The ex-immigrant rights activist now marching to the tune of France's far-right
Last week parents of pupils at around 100 French primary schools kept their children at home following unfounded rumours that they were being taught 'gender theory'. Education minister Vincent Peillon felt obliged to order parents to be summonsed to schools to explain that the claims being spread in a concerted text and email campaign were untrue. The woman behind the school boycott call – which exploits a favourite issue of the far-right and hard-line Catholics - is 55-year-old teacher Farida Belghoul. Yet Belghoul was not always involved with the far-right; in the early 1980s she was a high-profile left-wing campaigner on immigrant rights. Lucie Delaporte and Rachida El Azzouzi report on her political journey.

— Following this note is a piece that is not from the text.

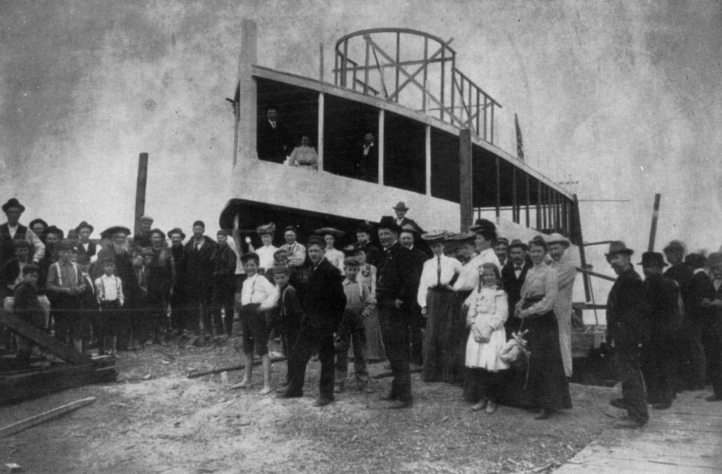 Anderson ship yard on Lake Washington, circa 1900. The vessel under contruction was not identified in the source.

WriterWriter and activist Farida Belghoul, a prominent figure in the early 1980s, has once again got people’s attention. Her campaign to get parents to boycott schools over unfounded claims that primary school pupils are being taught 'gender theory' with explicit sexual messages has catapulted her back into the limelight after decades in the wilderness. Although only a relatively small number of parents of children at around 100 primary schools obeyed the boycott and kept their children at home on January 24th and 27th, the issue quickly provoked a major political row. Last Wednesday education minister Vincent Peillon even felt obliged to tell headteachers to summon the parents concerned to explain the true nature of the 'ABCD of equality' lessons, which aim to promote equality between boys and girls.